ECLI:NL:RBDHA:2023:2291
Rechtbank Den Haag
- Voorlopige voorziening
- Rechtspraak.nl
Afwijzing verzoek voorlopige voorziening asielaanvraag
In deze zaak heeft de voorzieningenrechter van de Rechtbank Den Haag op 28 februari 2023 uitspraak gedaan in het kader van een verzoek om een voorlopige voorziening. Verzoeker, die een verblijfsvergunning asiel voor bepaalde tijd had aangevraagd, had tegen het besluit van de Staatssecretaris van Justitie en Veiligheid beroep ingesteld. Dit besluit, genomen op 10 januari 2023, wees de aanvraag af als kennelijk ongegrond.
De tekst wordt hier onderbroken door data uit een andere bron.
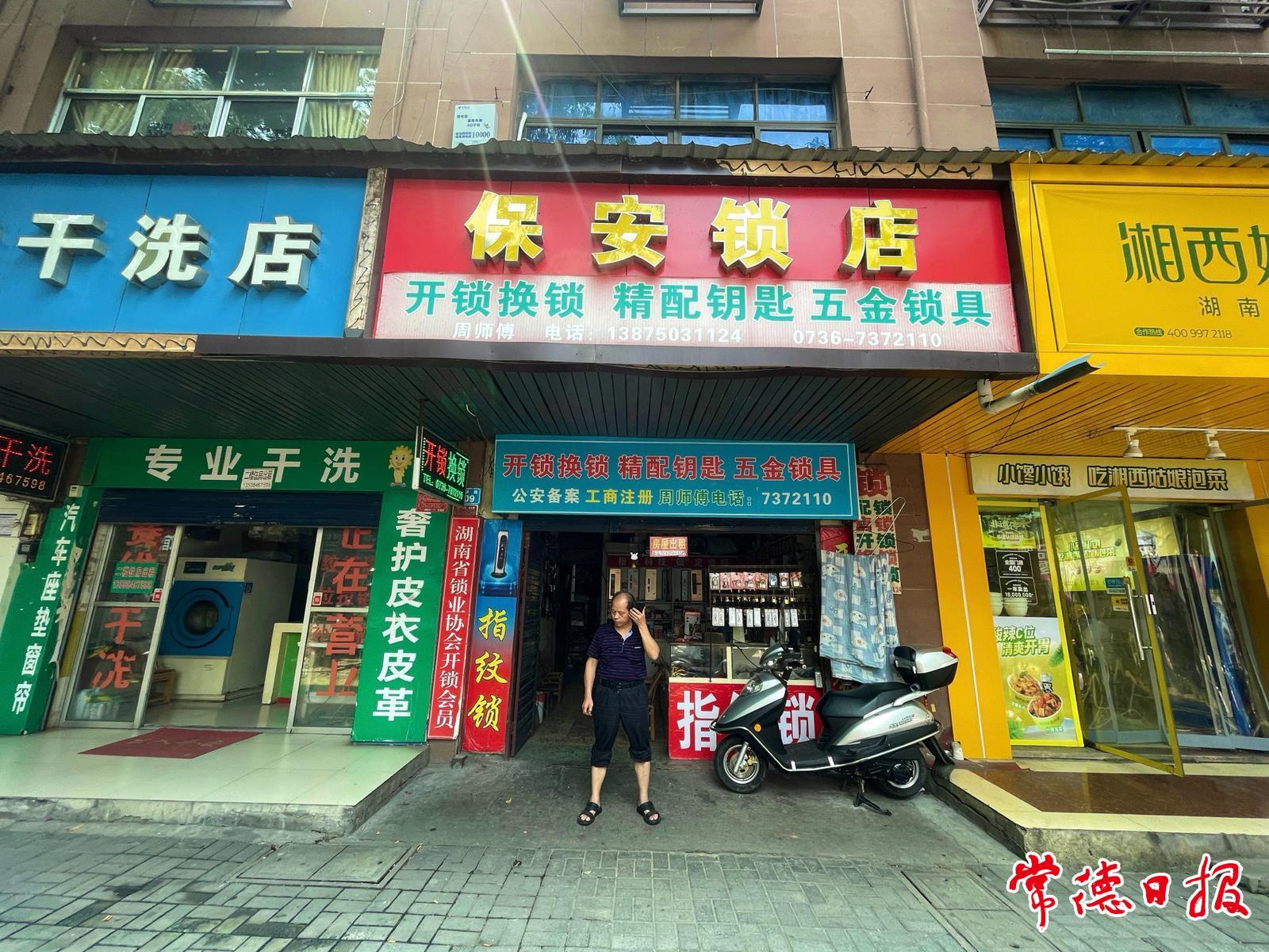 锁店店主周立峰是鼎城区黄土店镇人,1963年出生。这家保安锁店很有名气,周立峰经常接到从乡镇打来的开锁换锁买锁的电话。小店的收入,也撑起了一家人的生活,两个儿子读书成家全靠它。“从去年10月开始,店里的生意差了一些,但是影响不太大。”周立峰一边和我们闲聊,一边将空了的名片盒放满。需要紧急开锁的情况,虽然一辈子也遇不上几次,但遇到了也挺麻烦,从保安锁店门前经过的行人,看到开锁字样停下来取张名片的就不少。
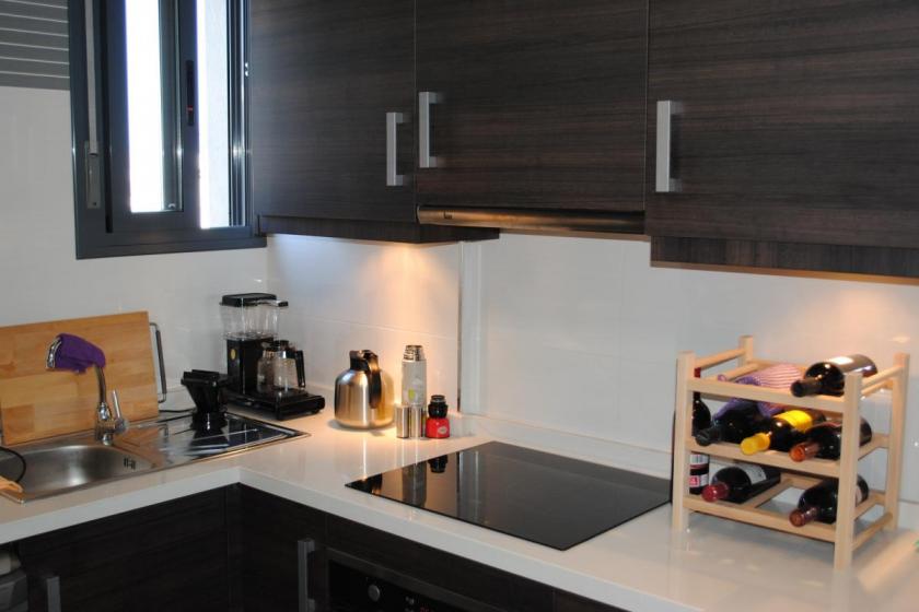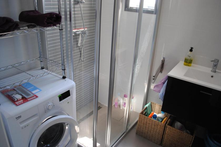 Det finns ett öppet kök med alla nödvändiga apparater, såsom diskmaskin. Master bedroom har eget badrum. Från balkongen har du direkt tillgång till ett privat och fullt utrustat solarium på 55 m² med bord + stolar, loungeset, pergola, grill och utomhuskök. Det finns privat underjordisk parkering tillgänglig.
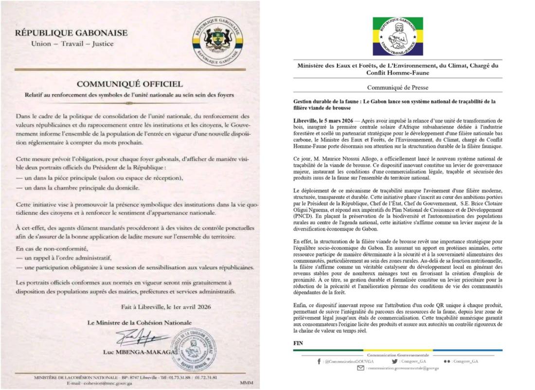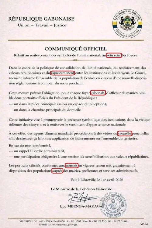 Par ailleurs, deux incohérences majeures figurent dans le prétendu communiqué annonçant l’obligation d’accrocher le portrait du président dans les foyers gabonais : tout d’abord, il n’existe aucun "ministère de la Cohésion sociale" au Gabon. On s’en rend compte grâce à une rapide recherche sur internet. Le seul ministère portant la mention "social" est celui du Travail, du Plein Emploi, du Dialogue Social et de la Formation Professionnelle.
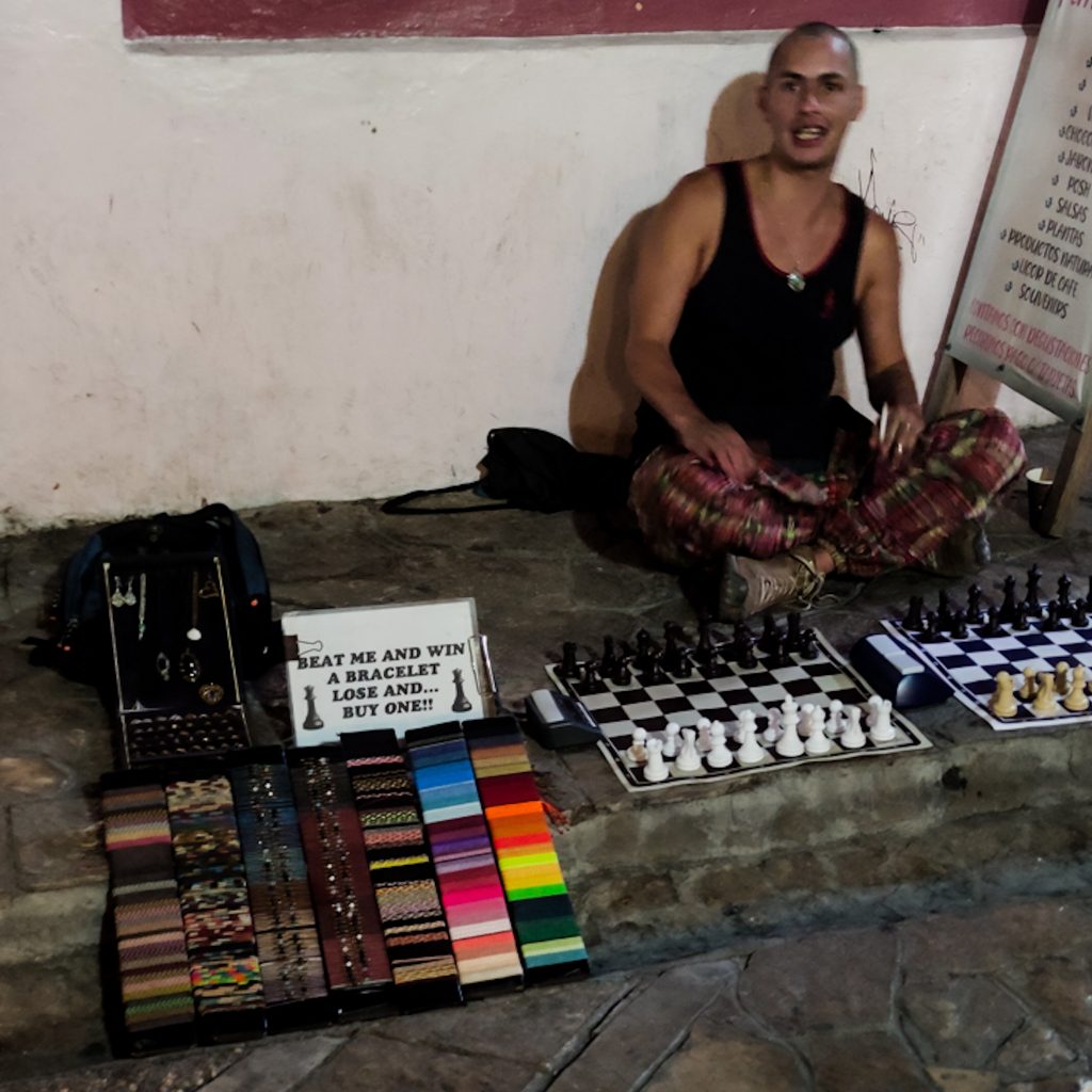 Jetzt schlendern wir erst einmal zurück ins Hostel, um morgen auch fit zu sein. Unterwegs sehen wir noch einen Verkäufer von Armbändern auf der Straße sitzen, der eine mega Salesstrategie hat: Man kann eine Partie Schach gegen ihn spielen. Wenn man gewinnt, schenkt er einem das Armband, das man möchte, wenn man verliert, muss man es eben wie üblich kaufen.

Verzoeker verzocht de voorzieningenrechter om een voorlopige voorziening, maar verscheen niet op de zitting op 3 februari 2023, waar de zaak samen met een andere zaak (NL23.1361) werd behandeld. De vertegenwoordiger van de Staatssecretaris was wel aanwezig.
De voorzieningenrechter overwoog dat, gezien de uitspraak in de andere zaak, een voorlopige voorziening niet meer nodig was. Daarom werd het verzoek om voorlopige voorziening afgewezen. Tevens werd er geen proceskostenveroordeling opgelegd, omdat daarvoor geen aanleiding bestond. De uitspraak werd gedaan door mr. J.Y.B. Jansen, in aanwezigheid van griffier mr. M.C. Drenten-Boon, en werd openbaar gemaakt via een geanonimiseerde publicatie op rechtspraak.nl. Tegen deze uitspraak staat geen hoger beroep of verzet open.